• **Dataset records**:
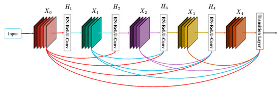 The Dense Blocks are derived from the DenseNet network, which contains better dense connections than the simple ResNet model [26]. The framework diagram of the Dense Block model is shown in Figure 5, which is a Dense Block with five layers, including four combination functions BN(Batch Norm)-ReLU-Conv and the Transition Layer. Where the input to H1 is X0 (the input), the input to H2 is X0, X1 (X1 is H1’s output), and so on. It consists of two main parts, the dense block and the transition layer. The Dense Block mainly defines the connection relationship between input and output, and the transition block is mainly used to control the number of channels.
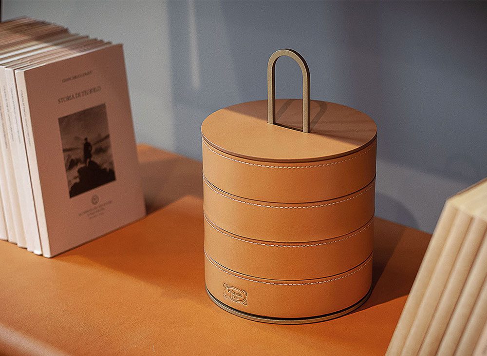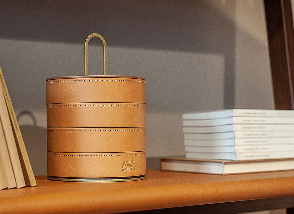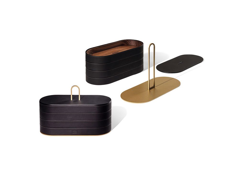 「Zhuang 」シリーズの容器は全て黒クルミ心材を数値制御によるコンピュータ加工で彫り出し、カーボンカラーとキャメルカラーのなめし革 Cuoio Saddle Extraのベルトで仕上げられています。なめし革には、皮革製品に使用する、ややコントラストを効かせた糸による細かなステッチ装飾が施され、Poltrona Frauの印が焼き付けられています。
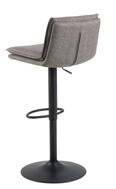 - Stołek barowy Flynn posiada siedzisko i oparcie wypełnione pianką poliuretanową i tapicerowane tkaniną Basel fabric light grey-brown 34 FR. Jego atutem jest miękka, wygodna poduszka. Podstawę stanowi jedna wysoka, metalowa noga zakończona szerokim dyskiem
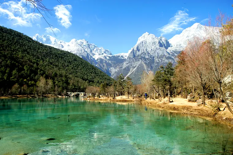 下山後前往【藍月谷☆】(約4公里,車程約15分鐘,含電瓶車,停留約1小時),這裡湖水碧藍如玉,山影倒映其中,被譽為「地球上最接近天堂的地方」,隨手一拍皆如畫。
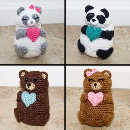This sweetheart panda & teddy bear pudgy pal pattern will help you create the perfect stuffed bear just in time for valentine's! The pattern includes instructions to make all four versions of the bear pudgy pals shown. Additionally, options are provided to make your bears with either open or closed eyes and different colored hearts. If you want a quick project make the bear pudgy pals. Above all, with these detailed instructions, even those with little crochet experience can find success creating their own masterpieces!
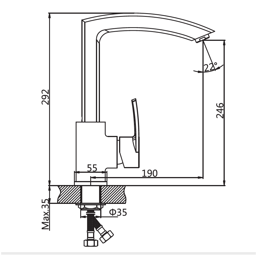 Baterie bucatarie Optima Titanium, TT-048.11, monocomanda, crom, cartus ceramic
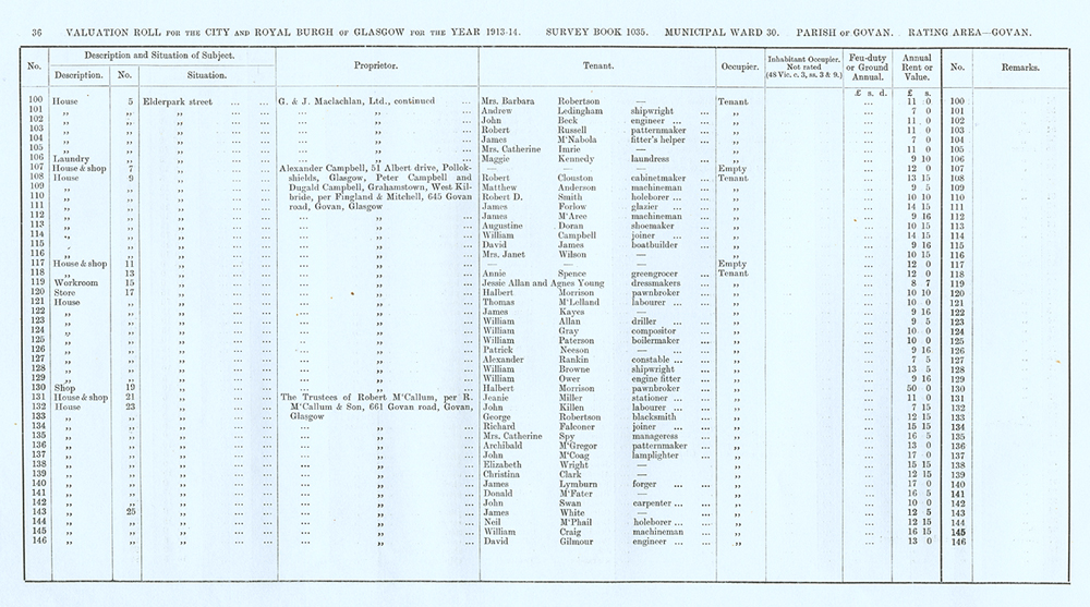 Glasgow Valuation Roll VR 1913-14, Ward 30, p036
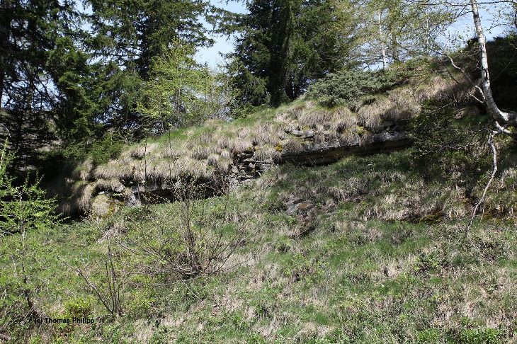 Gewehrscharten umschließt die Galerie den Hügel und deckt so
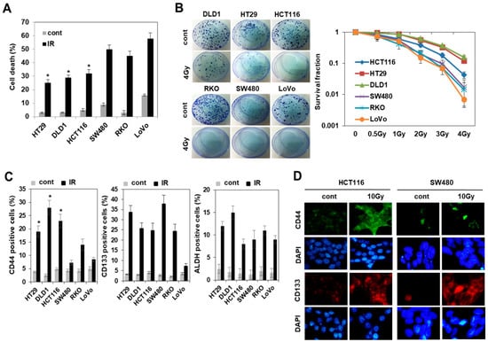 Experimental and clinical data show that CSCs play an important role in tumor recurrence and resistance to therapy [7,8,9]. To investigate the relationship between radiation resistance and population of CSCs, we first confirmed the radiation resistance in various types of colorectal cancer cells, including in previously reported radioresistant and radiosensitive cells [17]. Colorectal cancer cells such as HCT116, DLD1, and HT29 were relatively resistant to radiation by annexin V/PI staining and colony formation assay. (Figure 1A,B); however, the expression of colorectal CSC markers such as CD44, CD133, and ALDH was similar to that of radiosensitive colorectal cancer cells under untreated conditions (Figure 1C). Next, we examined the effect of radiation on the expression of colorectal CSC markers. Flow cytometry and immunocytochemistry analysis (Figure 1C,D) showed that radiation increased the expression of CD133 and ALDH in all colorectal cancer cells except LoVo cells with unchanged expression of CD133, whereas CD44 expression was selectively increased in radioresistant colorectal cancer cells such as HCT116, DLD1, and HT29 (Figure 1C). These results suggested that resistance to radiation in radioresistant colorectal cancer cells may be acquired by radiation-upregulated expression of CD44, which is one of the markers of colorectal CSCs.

• **PROBLEM REQUIREMENTS**: Please repeat the entries above exactly, leaving out any pictures.

• **OUTPUT BELOW**:
 The Dense Blocks are derived from the DenseNet network, which contains better dense connections than the simple ResNet model [26]. The framework diagram of the Dense Block model is shown in Figure 5, which is a Dense Block with five layers, including four combination functions BN(Batch Norm)-ReLU-Conv and the Transition Layer. Where the input to H1 is X0 (the input), the input to H2 is X0, X1 (X1 is H1’s output), and so on. It consists of two main parts, the dense block and the transition layer. The Dense Block mainly defines the connection relationship between input and output, and the transition block is mainly used to control the number of channels.
 「Zhuang 」シリーズの容器は全て黒クルミ心材を数値制御によるコンピュータ加工で彫り出し、カーボンカラーとキャメルカラーのなめし革 Cuoio Saddle Extraのベルトで仕上げられています。なめし革には、皮革製品に使用する、ややコントラストを効かせた糸による細かなステッチ装飾が施され、Poltrona Frauの印が焼き付けられています。
 - Stołek barowy Flynn posiada siedzisko i oparcie wypełnione pianką poliuretanową i tapicerowane tkaniną Basel fabric light grey-brown 34 FR. Jego atutem jest miękka, wygodna poduszka. Podstawę stanowi jedna wysoka, metalowa noga zakończona szerokim dyskiem
 下山後前往【藍月谷☆】(約4公里,車程約15分鐘,含電瓶車,停留約1小時),這裡湖水碧藍如玉,山影倒映其中,被譽為「地球上最接近天堂的地方」,隨手一拍皆如畫。
This sweetheart panda & teddy bear pudgy pal pattern will help you create the perfect stuffed bear just in time for valentine's! The pattern includes instructions to make all four versions of the bear pudgy pals shown. Additionally, options are provided to make your bears with either open or closed eyes and different colored hearts. If you want a quick project make the bear pudgy pals. Above all, with these detailed instructions, even those with little crochet experience can find success creating their own masterpieces!
 Baterie bucatarie Optima Titanium, TT-048.11, monocomanda, crom, cartus ceramic
 Glasgow Valuation Roll VR 1913-14, Ward 30, p036
 Gewehrscharten umschließt die Galerie den Hügel und deckt so
 Experimental and clinical data show that CSCs play an important role in tumor recurrence and resistance to therapy [7,8,9]. To investigate the relationship between radiation resistance and population of CSCs, we first confirmed the radiation resistance in various types of colorectal cancer cells, including in previously reported radioresistant and radiosensitive cells [17]. Colorectal cancer cells such as HCT116, DLD1, and HT29 were relatively resistant to radiation by annexin V/PI staining and colony formation assay. (Figure 1A,B); however, the expression of colorectal CSC markers such as CD44, CD133, and ALDH was similar to that of radiosensitive colorectal cancer cells under untreated conditions (Figure 1C). Next, we examined the effect of radiation on the expression of colorectal CSC markers. Flow cytometry and immunocytochemistry analysis (Figure 1C,D) showed that radiation increased the expression of CD133 and ALDH in all colorectal cancer cells except LoVo cells with unchanged expression of CD133, whereas CD44 expression was selectively increased in radioresistant colorectal cancer cells such as HCT116, DLD1, and HT29 (Figure 1C). These results suggested that resistance to radiation in radioresistant colorectal cancer cells may be acquired by radiation-upregulated expression of CD44, which is one of the markers of colorectal CSCs.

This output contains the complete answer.